Multi-task + Multi-head is essential: Neither multi-tasking (+9.24%) nor decoupled heads (+5.13%) alone match the combination (+12.44%), suggesting that decoupled heads require multi-task training to be effective.
Regression is a weakness for General LLMs: While general LLMs compete in extraction/classification, the gap in numerical regression is vast, marking it as the primary future direction for catalysis LLMs.
Domain fine-tuning builds "Knowledge Models": Synergies suggest models are not just memorizing patterns but are building a holistic catalysis knowledge model across chemical formulas and natural language.
Divergence between Expert and LLM scores: High LLM scores for general models despite low expert scores highlight scientific hallucinations, cautioning against "LLM-as-a-judge" in professional scientific scenarios.

Highlights & Insights¶

"Full-process taskification" is a transferable benchmark design: Splitting a domain lifecycle into stages is more effective than textbook multiple-choice questions for evoking true capability.
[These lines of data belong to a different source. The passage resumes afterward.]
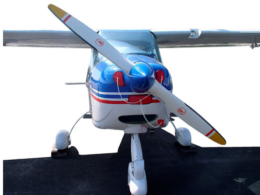
Tecnam Bravo Engine Plugs

Engine Inlet Plugs are custom fit for your Vulcanair V1.0 intakes, made with heavy-duty vinyl material, and stuffed with a single block of sculpted urethane foam. Each plug has a zipper that allows the foam to be removed and dried if necessary. Engine plugs have warning flags that are visible from the cockpit or 'remove before flight' streamers sewn onto the face of the plugs. Most plugs are imprinted with the aircraft registration number in black for an extra charge. Storage bag NOT included. Engine plugs may be inserted after flight when the engine is still warm. Engine Inlet Plugs are commonly referred to as Cowl Plugs, Intake Plugs, Cowl Blocks, Engine Blocks, and Engine Bungs.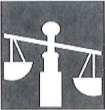
Southeastern Association of Legal Assistants— S.E.A.L.A.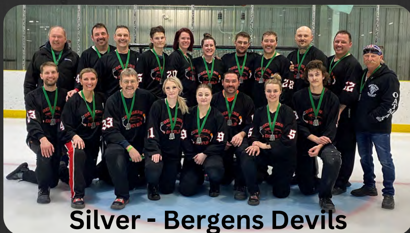
Silver - Bergens Devils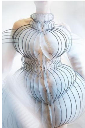
Hypnosis, Iris van Herpen

Among the cutting-edge techniques Iris van Herpen employs, laser cutting is a key method that allows for the creation of highly precise and detailed patterns on various materials. This technique enables the development of intricate and delicate designs, often resembling modern lace or geometric patterns. By using laser cutting, Van Herpen can produce complex shapes with a level of precision that would be difficult to achieve by hand. This method contributes to the architectural and futuristic aesthetic that characterizes her work, blending advanced technology with innovative fashion design.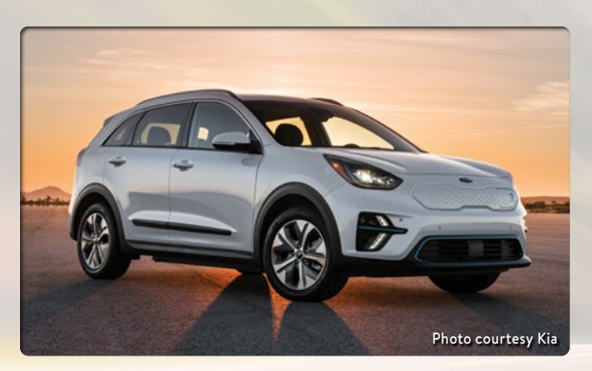
2020 Kia Niro EV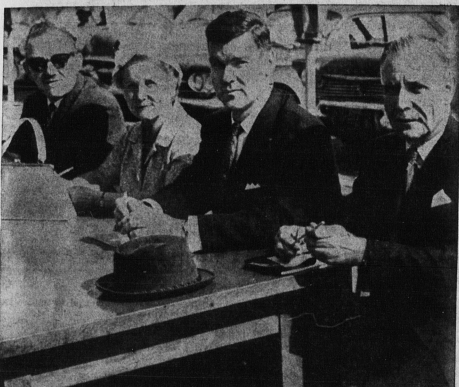
BAND, FLOAT JUDGES HAD RINGSIDE SEAT FOR THEIR HARD TASK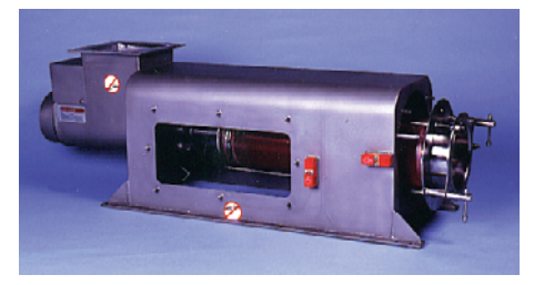
722 Centrifugal Sifter

This paradigm applies to batteries, drugs, and alloys.
Task type token routing is a simple yet effective trick: Appending \(\tau\) at the end allows switching heads on a shared backbone with near-zero inference cost while separating heterogeneous loss landscapes.
Triple-track evaluation exposes "evaluator hallucination": Comparing STS, model scores, and expert scores side-by-side explicitly shows the departure of LLM judges from professional accuracy.
Honest disclosure of general model strengths: The authors admit GPT-4.1's superiority in some extraction tasks (SE), which strengthens the credibility of their argument regarding the value of specialized models in regression.
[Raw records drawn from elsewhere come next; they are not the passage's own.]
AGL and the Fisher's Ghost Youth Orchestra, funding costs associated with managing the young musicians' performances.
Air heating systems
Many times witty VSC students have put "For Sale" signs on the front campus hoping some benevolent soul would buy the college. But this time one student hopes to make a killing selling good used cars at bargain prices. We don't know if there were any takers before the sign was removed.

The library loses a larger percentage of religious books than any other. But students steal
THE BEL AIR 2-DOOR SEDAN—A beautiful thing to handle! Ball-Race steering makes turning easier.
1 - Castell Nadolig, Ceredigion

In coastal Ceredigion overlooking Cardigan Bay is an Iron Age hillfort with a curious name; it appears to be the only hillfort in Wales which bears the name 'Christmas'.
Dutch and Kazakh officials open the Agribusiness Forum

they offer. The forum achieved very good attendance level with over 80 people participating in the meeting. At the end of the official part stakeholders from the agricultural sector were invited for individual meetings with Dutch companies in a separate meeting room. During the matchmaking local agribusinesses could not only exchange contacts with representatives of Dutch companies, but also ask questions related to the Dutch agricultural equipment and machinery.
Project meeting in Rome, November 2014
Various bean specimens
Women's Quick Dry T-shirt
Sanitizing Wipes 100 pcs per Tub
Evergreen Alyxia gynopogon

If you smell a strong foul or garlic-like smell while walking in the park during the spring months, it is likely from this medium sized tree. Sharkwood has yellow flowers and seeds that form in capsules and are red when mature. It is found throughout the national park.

Limitations & Future Work¶

Knowledge scope constraints: Capabilities are limited by CatalystBench coverage; accuracy drops for out-of-distribution materials.
Model scale: 7B is a trade-off; larger models might show stronger reasoning but scaling behavior was not tested here.
Literature bias: Inclusion of published literature may amplify focus on "hot" topics and ignore niche systems.
Evaluation dependence: Data construction and semantic evaluation still utilize closed-source models (GPT-4o), risking circular dependence and bias.
Future Work: Plan to expand more catalysis systems, enhance downstream reasoning, and embed the model into a "prediction-synthesis-characterization" closed-loop framework.
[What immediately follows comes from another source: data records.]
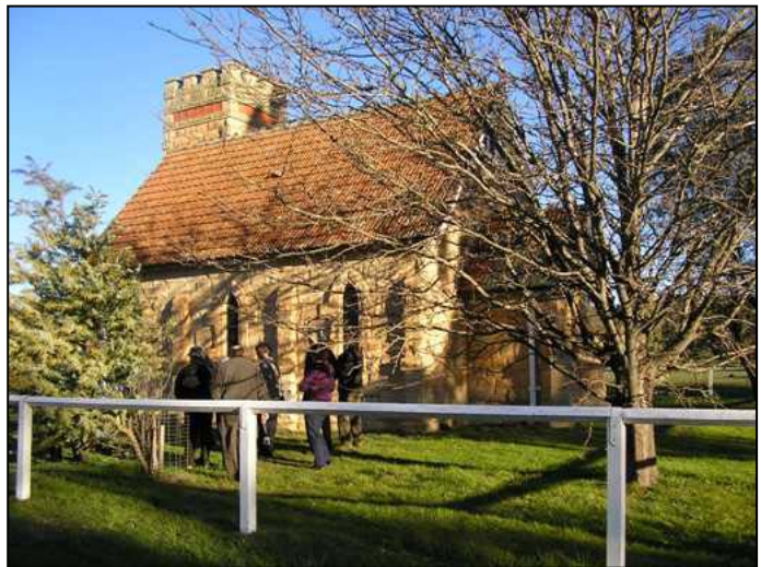
Society members visiting the Chapel at Havilah August 2007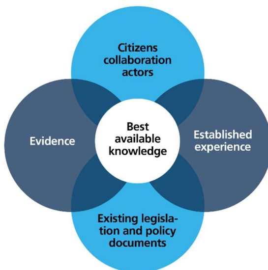
Figure 3. The main sources of knowledge for crime prevention work.

Follow-up and evaluation are important prerequisites for knowledge-based work. The purpose is to collect and feed knowledge back in for continued development.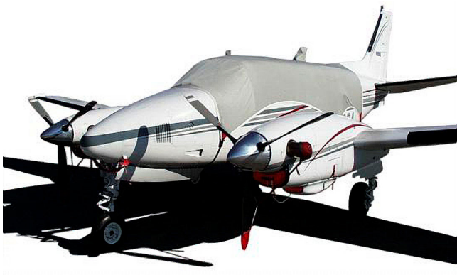
King Air Canopy Cover, Engine Plugs, Prop-Tie/Exhaust Covers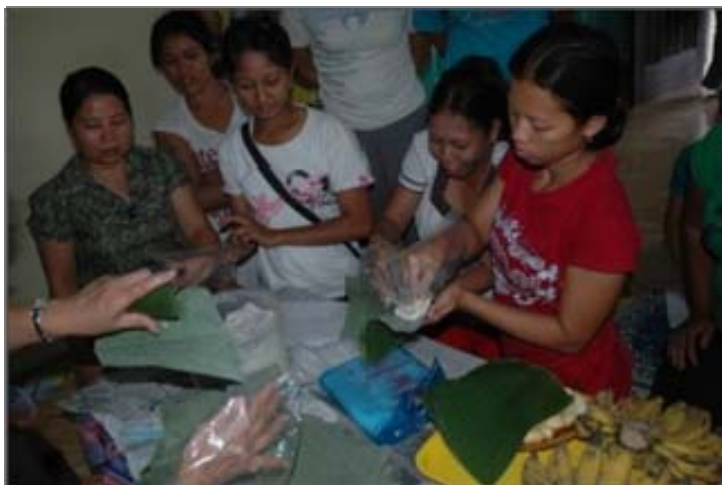
Training in making donuts.

Donor: ADRA Netherlands Fund: EUR 4,000 Timeframe: January 2009 - January 2010 Location: Medan, North Sumatera - Indonesia Beneficiaries: 25 Women Project Team: Ellen Pandia (Project Coordinator), Damres Sigalingging (Field Officer)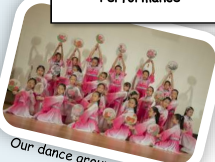
Our dance group showcasing their talent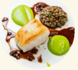
Cod with pea puree, Puy lentils, and red wine sauce at The Little Fish Market in Brighton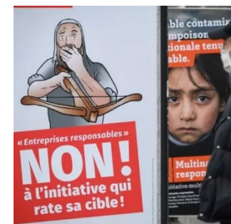
Posters publicising the Responsible Business Initiative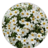
White Delight™ Imp.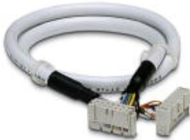
Assembled round cable set, for front adapter of the Siemens SIMATIC® "TOP connect" series, with one 16-pos. and one 14-pos. socket strip, for connecting 8 channels, cable length: 2 m

Please be informed that the data shown in this PDF Document is generated from our Online Catalog. Please find the complete data in the user's documentation. Our General Terms of Use for Downloads are valid ( http://download.phoenixcontact.com )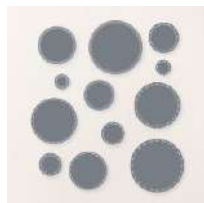
Spotlight On Nature Dies [163580]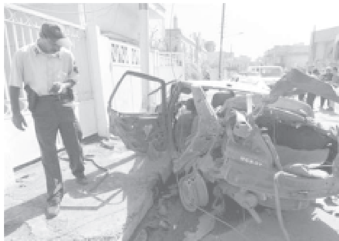
An Iraqi police officer looks over the wreckage of a car which was destroyed by a roadside bomb in central Baghdad, Iraq, on 18 Sept, 2004.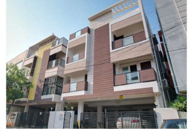
Jehovah Apartment (G+2)- 8,000 sq ft, Chennai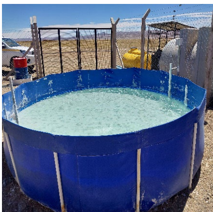
Figure 6: Site Evaporation Ponds (9 November 2023)

vs. Knowledge-based Chemistry Benchmarks (ChemBench / MaScQA): These use textbook/exam questions; CatalystBench focuses on experimental synthesis and real design stages.
vs. Prediction/Reasoning Benchmarks (LLM4Mat-Bench / ChemCoTBench): CatalystBench uniquely tests quantitative regression, qualitative classification, and open explanation in a unified framework.
vs. Domain LLMs (ChemLLM / Darwin1.5): Previous models often used unified output styles with limited regression gains; CatalystLLM’s multi-head architecture handles mixed tasks without mutual interference.

Rating¶

Novelty: ⭐⭐⭐⭐ First multi-task benchmark for catalysis science + systematic validation of MFT in the field.
Experimental Thoroughness: ⭐⭐⭐⭐ Coverage of 8 tasks, 12 metrics, multiple baselines, and ablation studies; scaling behaviors not explored.
Writing Quality: ⭐⭐⭐⭐ Clear motivation and structure; minor reliance on appendices for detail.
Value: ⭐⭐⭐⭐ Provides a rare evaluation framework and open-source model for catalysis; clear guidance on regression weaknesses.